Systema’s team reviewed around 700 videos issued by the Kremlin or broadcast on state television, then cross-checked them against travel records and other open sources. They identified minute but consistent visual cues that distinguish the rooms: the height of a door handle relative to a wall seam; the style of a television stand; the hue and grain of a wooden document tray; and a thermostat position that is unique to Valdai. In one case, footage labelled as Novo-Ogaryovo was matched to Sochi by the placement of the door handle and corroborating travel data for the TV interviewer involved.
The Sochi “twin” of the office had been suggested previously by Russian outlet Proekt in 2020. Systema now places it inside the Bocharov Ruchey complex and provides additional visual and documentary corroboration. The Kremlin has denied in the past that “identical offices” exist, but did not respond to Systema’s latest queries.
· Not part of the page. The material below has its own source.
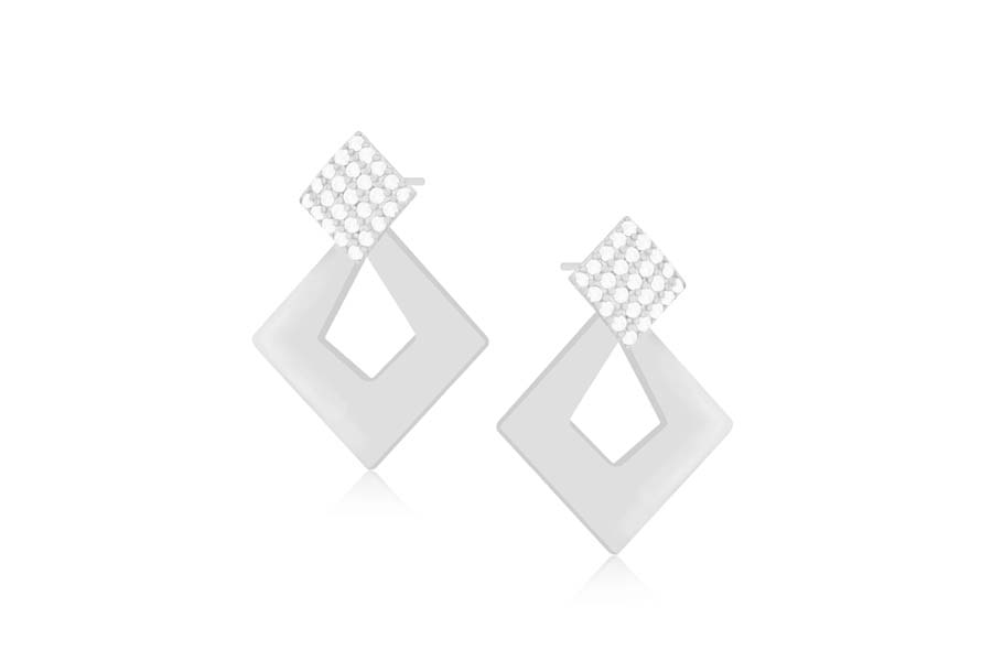 BRINCO EM PRATA, QUADRADO VAZADO COM 1 LADO CRAVEJADO, 5mm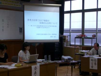 5日の分科会では,昨年の1年生の「ひきざん」の授業をもとに,思考力を育てるためには,ICTを有効に活用することが大切であるということを発表しました。研究会では,数図ブロックを子どもたちが操作して,それをもとに説明したこと,ノートに計算方法を文章で,筋道立てて書くように指導したこと,そして,ICTを有効な支援として活用できたことなどを評価していただきました。

According to the investigation, the practice has intensified since Russia’s full-scale invasion of Ukraine. Systema finds that many meetings presented as taking place at Novo-Ogaryovo in 2025 were in fact filmed at Valdai, a secluded wooded site roughly midway between Moscow and St Petersburg. Between January and the end of September this year, all but one of 30 appearances in the now-familiar beige office were recorded at Valdai. The findings suggest a systematic preference for the location during a period of frequent Ukrainian long-range drone strikes against military and energy facilities inside Russia.
Security considerations are central to this shift, the report argues. Bocharov Ruchey sits on exposed high ground on the Black Sea coast, and overt defensive measures would attract attention in the Moscow suburbs around Novo-Ogaryovo. By contrast, Valdai is heavily secluded and has seen a marked build-up of point air defences since early 2023. Systema cites RFE/RL Russian Service reporting in August that at least a dozen positions — predominantly Pantsir-S1 systems, some mounted on towers — have been emplaced around the compound and nearby sites. Independent outlets including The Moscow Times, Novaya Gazeta Europe and The Insider have described the same deployment based on satellite and mapping imagery.
The investigative unit illustrates how the cloned-office arrangement functions in practice. Visual vanishing points — a seam in the wall panelling, a thermostat’s placement, subtle differences in furniture legs — allow analysts to separate Sochi from Novo-Ogaryovo, and both from Valdai, even when official captions state otherwise. In several cases, leaked e-mail traffic and ticketing data for state TV personnel align with the visual analysis, indicating that crews were in Sochi or Valdai when programmes aired as if filmed near Moscow.
Systema’s conclusions extend beyond the three rooms themselves. The unit notes a broader pattern of “preserves” — pre-recorded meetings released later and presented as current — that has continued into autumn 2025. This practice, documented in an earlier Systema report, raises questions about the timing and context of official announcements, including those involving ministers and regional governors.
The Sochi replica office is now seldom used, Systema reports, with Putin largely avoiding Bocharov Ruchey from February 2023 onwards. Valdai appears to have become his principal working base for remote engagements, while the Novo-Ogaryovo room is used more sparingly than the Kremlin’s public diary suggests. The analysis does not claim that the rooms are exact copies: it is precisely their small divergences that expose the mislabelling of locations.
Air-defence enhancements at Valdai provide additional context. Multiple investigations this summer and autumn mapped at least 12 Pantsir-S1 sites within reach of the residence, a density some comparisons place at only five times fewer than the wider Moscow region, which hosts a far larger population. Satellite imagery published by RFE/RL and corroborating outlets underpins those assessments.
The Kremlin’s motive, as presented by sources quoted in Systema’s report, is straightforward: to minimise risk and complicate external tracking of the president’s movements. By keeping the visual field constant across multiple secure locations, the administration reduces the number of clues in public footage — while the secluded Valdai base, heavily defended and less observable than the Moscow suburbs or the Black Sea coast, has become the default venue for on-camera work.
Systema’s latest publication adds fresh granularity to a story first aired in 2020 and intermittently documented since: identical backdrops, different places. What is new is the scale of the video corpus analysed, the fusion of visual and documentary evidence, and a clear post-2022 trend towards Valdai.